Data and Money Collection Standards

Collecting Personal Information

If units wish to use online forms to collect personally identifying information from your site visitors (name, address, phone number, email address, etc.), you must do so in compliance with the Georgia Tech Privacy Policy and European Union General Data Protection Regulations  (official European Union regulation site).  You must also make sure that you control access to the data you collect in accordance with the Georgia Tech Data Access Policy.

Some basic guidelines units must follow:

  • All web forms requesting personal data (sensitive or otherwise) must be hosted on an approved forms service or a Georgia Tech web server

    • Unapproved outside forms services (e.g. Google forms) cannot be used when collecting personal data.

    • While unit websites can be used for basic forms, please consider using the campus licensed Qualtrics service whenever possible, as it provides very flexible form customization and is already set up to run under SSL.
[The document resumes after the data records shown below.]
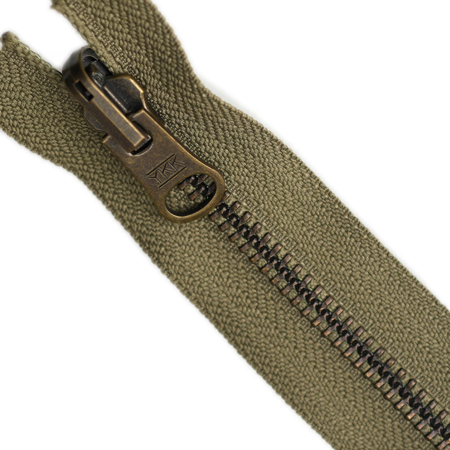 YKK medium gauge, closed-end zip with Antique Gold elements and a moveable, reversible slider. Suitable for closures, luggage and bags.
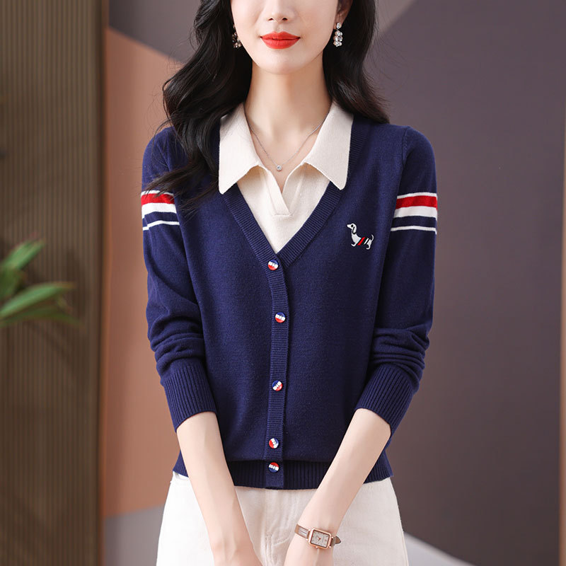 【メーカー直供】偽のニットセーターを2枚めくった女性の秋の新しい色合わせの女性の上着
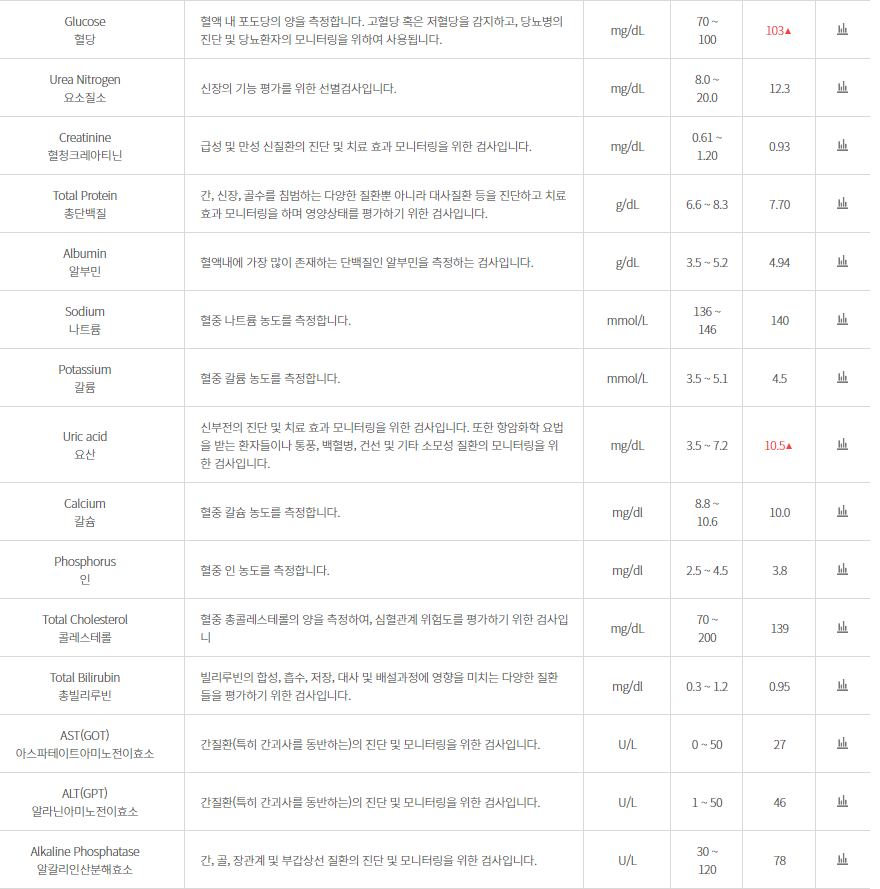 현재 요산수치가 지나치게 높으며 혈당은 공복이라는 가정하에 당뇨 전단계에 해당합니다.
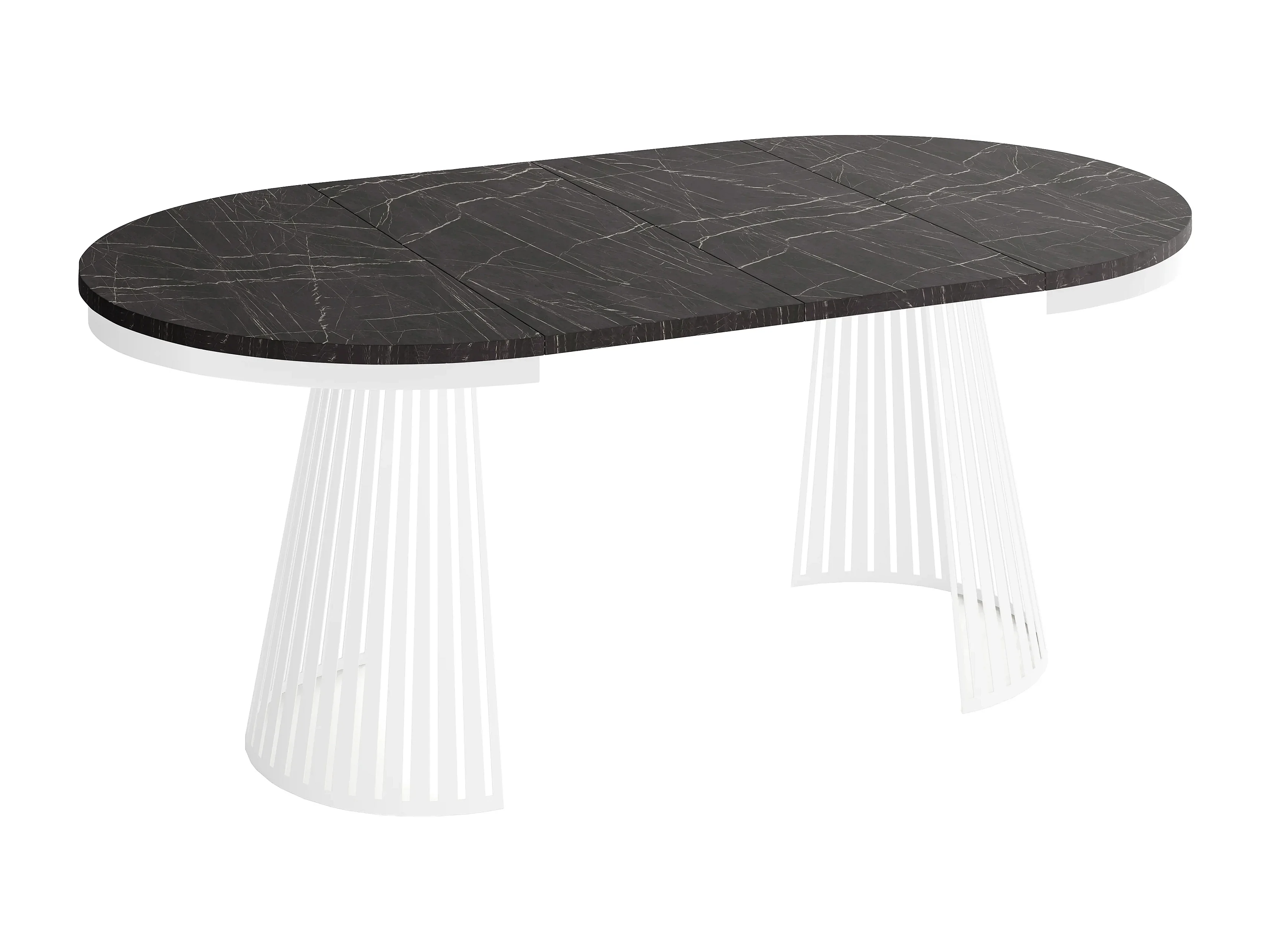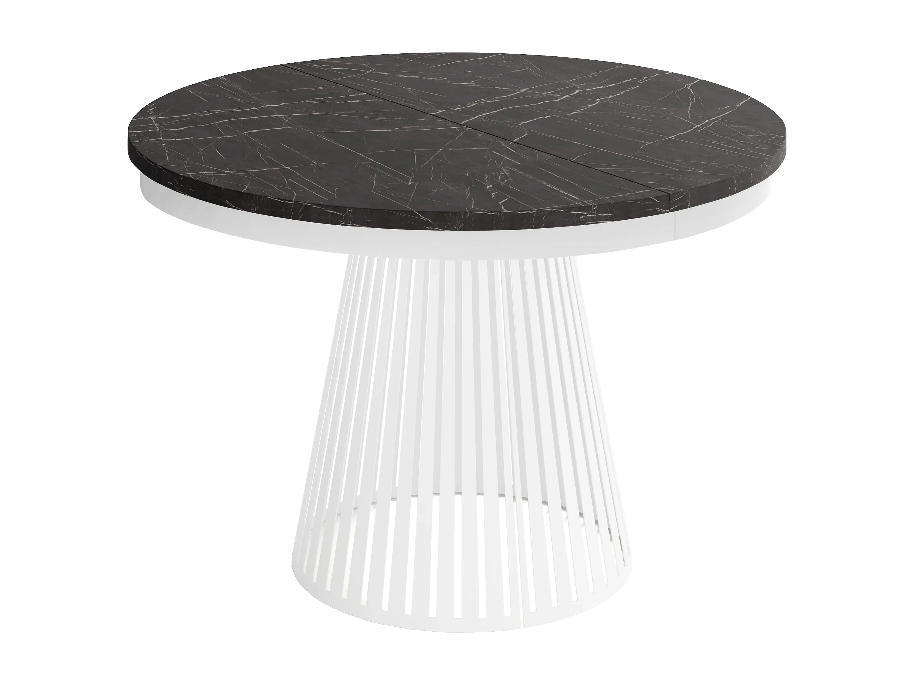 Table à Manger Ronde Extensible Style Loft – 120 à 200 cm – Design Industriel avec Pieds en Métal Blanc, Gain de Place pour Salon ou Salle à Manger – Marbre Noir

  • Any server or service hosting such a form must be running SSL data encryption (i.e. the server URL should start with https://)
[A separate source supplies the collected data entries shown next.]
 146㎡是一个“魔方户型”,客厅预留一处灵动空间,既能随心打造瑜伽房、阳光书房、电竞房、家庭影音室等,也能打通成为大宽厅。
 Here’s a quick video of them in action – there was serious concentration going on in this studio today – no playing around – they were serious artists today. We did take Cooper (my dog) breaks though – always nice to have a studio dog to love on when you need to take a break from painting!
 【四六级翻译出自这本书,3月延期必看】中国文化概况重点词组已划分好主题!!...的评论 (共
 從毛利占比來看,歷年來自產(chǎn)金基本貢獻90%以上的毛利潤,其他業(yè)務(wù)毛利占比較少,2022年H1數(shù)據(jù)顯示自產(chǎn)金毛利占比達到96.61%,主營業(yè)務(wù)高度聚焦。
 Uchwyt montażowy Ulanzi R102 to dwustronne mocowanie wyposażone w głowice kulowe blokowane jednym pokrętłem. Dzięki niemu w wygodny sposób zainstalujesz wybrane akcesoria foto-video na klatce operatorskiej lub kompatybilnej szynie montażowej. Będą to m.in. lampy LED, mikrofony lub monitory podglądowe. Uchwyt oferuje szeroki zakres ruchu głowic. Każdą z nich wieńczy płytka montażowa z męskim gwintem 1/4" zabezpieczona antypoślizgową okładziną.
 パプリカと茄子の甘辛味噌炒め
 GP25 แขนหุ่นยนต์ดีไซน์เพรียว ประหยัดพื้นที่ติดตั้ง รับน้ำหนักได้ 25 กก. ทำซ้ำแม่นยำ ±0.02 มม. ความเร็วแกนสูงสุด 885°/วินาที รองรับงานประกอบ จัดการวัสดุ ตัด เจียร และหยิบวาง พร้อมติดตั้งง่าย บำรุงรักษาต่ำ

    • Please contact the IAC web developer to make sure that the hosting you have selected supports SSL and learn how to make sure it is enabled on your hosting account.

  • Never ask for sensitive information on any form.  Sensitive information includes social security numbers, credit card numbers, birthdates, and also the following items defined as sensitive data by the European Union:

    1. Personal data revealing racial or ethnic origin, political opinions, religious or philosophical beliefs
    2. Trade-union membership
    3. Genetic data, biometric data processed solely to identify a human being
    4. Health-related data
    5. Data concerning a person’s sex life or sexual orientation

    If faculty have a bona fide need to ask one or more of these questions in connection with official research, they should get approval through their normal channels for approving research involving human subjects.

Collecting Fees for Events and Services

All electronic payment transactions must be handled through the approved payment processing marketplace that is managed by the Bursar's office.  Institute policy prohibits the use of unit websites (campus hosted or otherwise) or outside payment processors (e.g. PayPal, EventBrite, etc.) to collect any kind of electronic payment, including but not limited to credit card payments.  It is acceptable to host a registration form on your website to collect general information and then send the user to the official payment marketplace to collect their money, but you must make sure you are following proper data security and privacy policies practices if you choose to collect user information on your own website (see the next section).